Fig. 5: Coevolution and coupling between remote positions.
figure 5

a Scatter plot of coupling distance as a function of the magnitude of coupling conservation (Cij). The coupling distance ranges from 4.5 to 22.2 angstrom covers neighbor positions to remote positions. b Examples of two remote couplings (position 55–100, and 56–115) were shown, and colored in purple and green respectively on the structure.

It is worth noting that the positions (i.e. 55, 69, 90, 94, 100, 102 and 115) participating in high coupling conservations between the Rec domain and the DHp domain are all among those positions which participate in high coupling conservations within the Rec domain (Fig. 3c and Supplementary Table S2). In other words, the positions for highly intermolecular coupling conservations between the Rec domain and the DHp domain are selected from those positions with highly intramolecular coupling conservations of the Rec domain. These highly intermolecular couplings further support that the interaction network of coupling conservation represents a canonical structural basis for energetic and dynamic propagation34,35,36,37,42. Biological activity is normally modulated not only by direct interactions at the binding surface but also positions across the whole structure. It has been reported that the positions with highly intramolecular coupling conservations are sensitive to modulate protein’s binding specificity with its partner34,50,51. Taken together, the spatial pattern of sparse coupling conservations are critical to specify protein phenotypes such as folding, binding and long-range allostery.
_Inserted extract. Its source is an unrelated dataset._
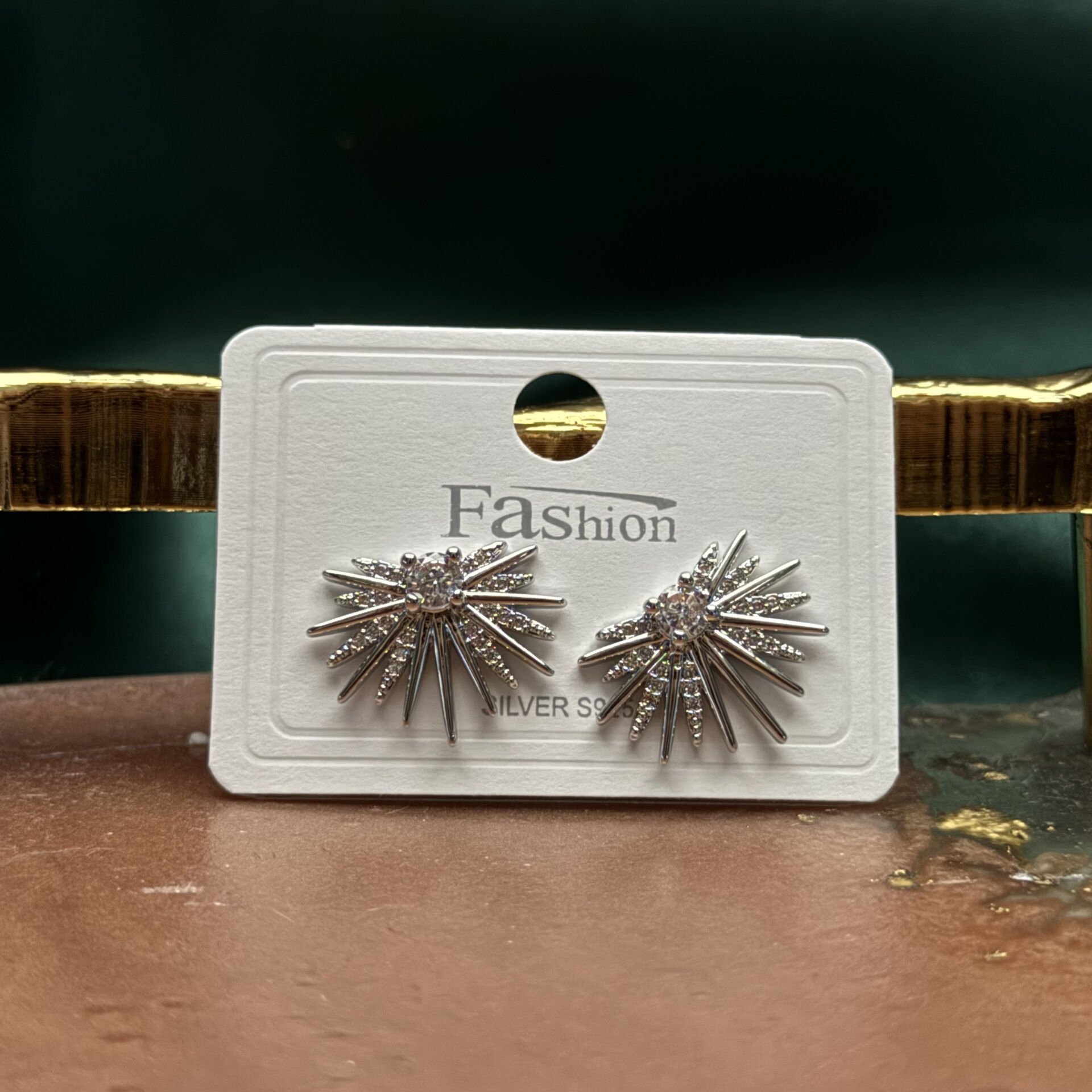 Güneş ışınlarından ilham alan modern formu ve merkezde yer alan zirkon taş detayıyla tasarlanan bu silver küpe, güçlü ve ışıltılı bir stil sunar. Çok yönlü ışın tasarımı kulakta dikkat çekici bir etki oluştururken, ortadaki taş detayı modele zarif bir odak noktası kazandırır.
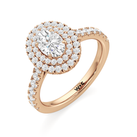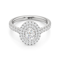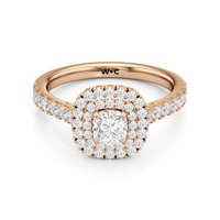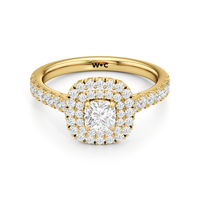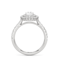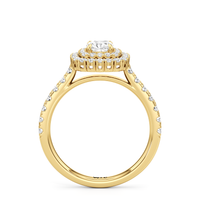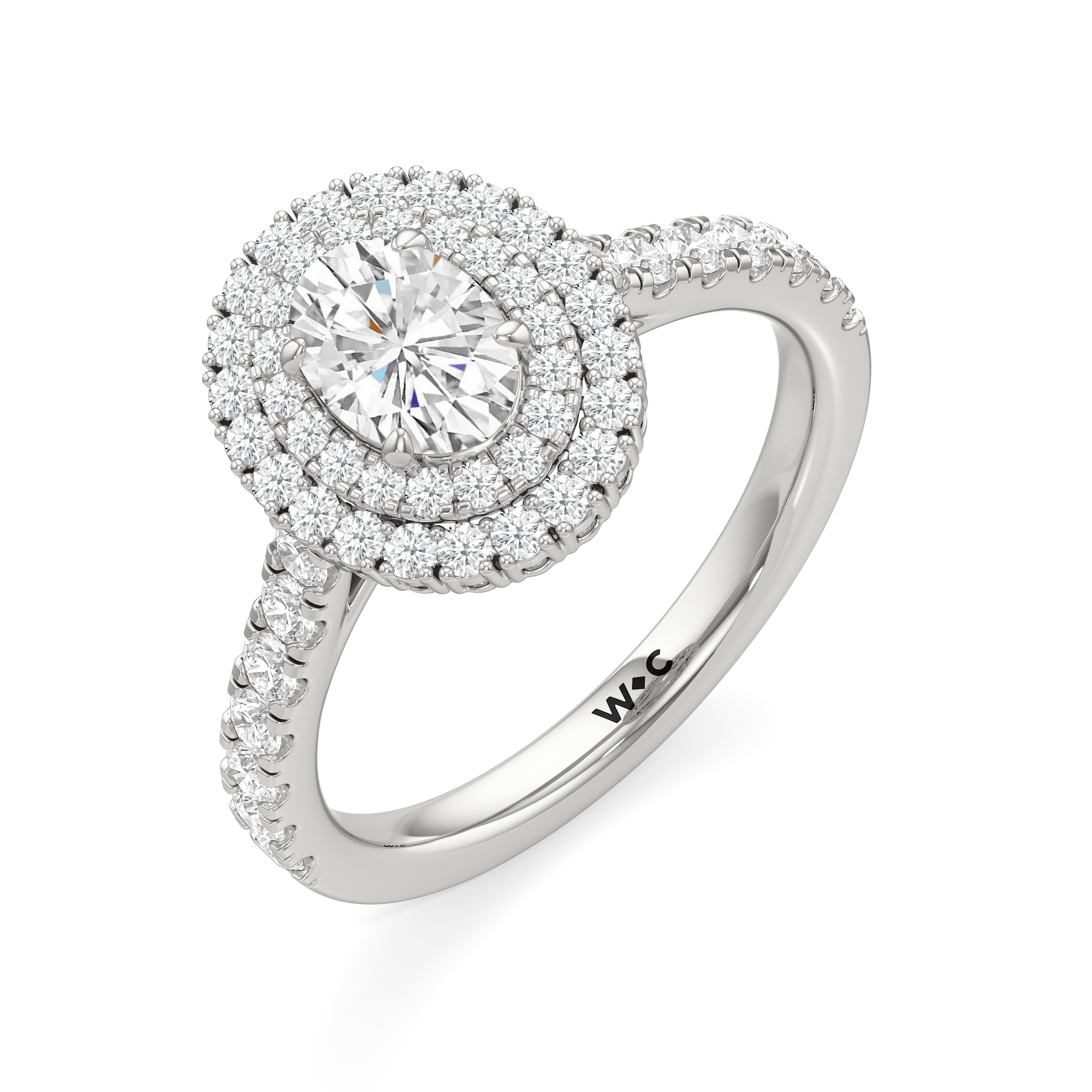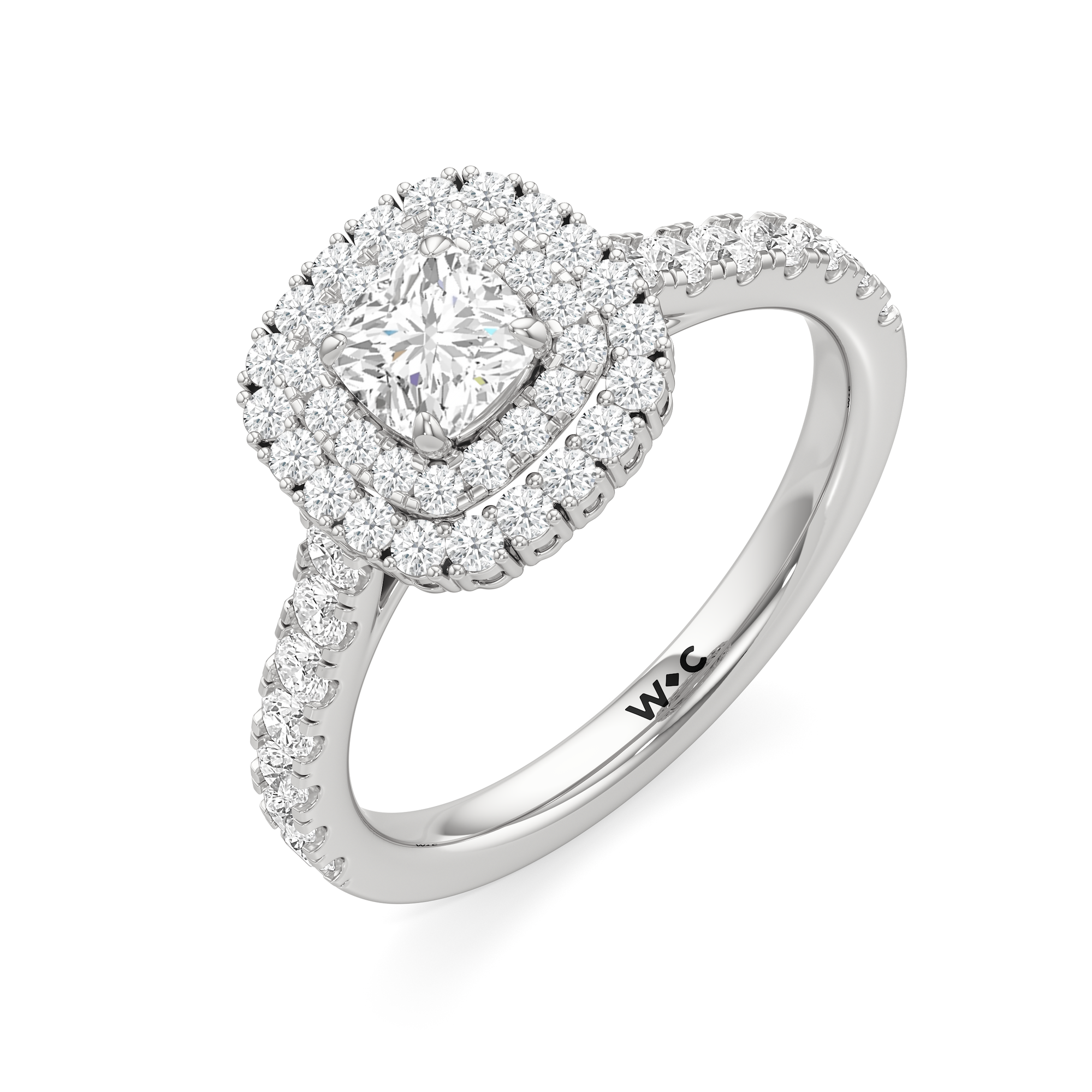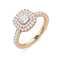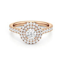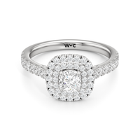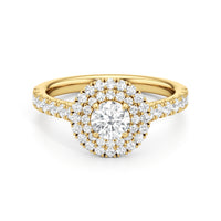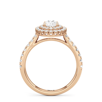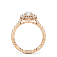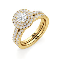 Meet Lottie, a masterfully crafted two-toned engagement ring with an elegantly layered halo. This luxurious symbol of love carries a diamond centre stone framed by double halos. The cathedral shank and its arching shoulders are pave-set with more diamonds, ensuring endless shimmer from all angles. The Lottie Engagement Ring is the piece to pick to symbolise your endless love.

Optimization of specific interaction pattern for binding

Binding specificity between proteins is essential for biological activity in the crowded cellular environment. Understanding how proteins maintain binding specificity to partners and avoid crosstalks to highly similar competitors is a fundamental and challenging issue52. Two-component signaling systems rely on the binding specificity to realize precise molecular recognition between the cognate partners and prevent the crosstalk between noncognate pairs28,28,32. The statistical information derived from the analysis of MSA is generally common for multiple paralogous TCS, such as position conservations and coupling conservations shown above. It uncovers overlapping properties of diverse TCS but doesn’t contain the specific interaction pattern which are unique for a particular cognate pair. The specific interaction pattern depends on the unique sequences and structures of the target cognate protein complex. Recently, we developed a computational structure-oriented evolution simulation method based on the funneled energy landscape theory50,53. The simulation of protein evolution at the molecular level is to mimic the process of random mutation and selection in nature and search structure-compatible sequences in the sequence space. The resulting evolved sequences carry structure-specific statistical properties and interaction patterns when mapping onto the structure.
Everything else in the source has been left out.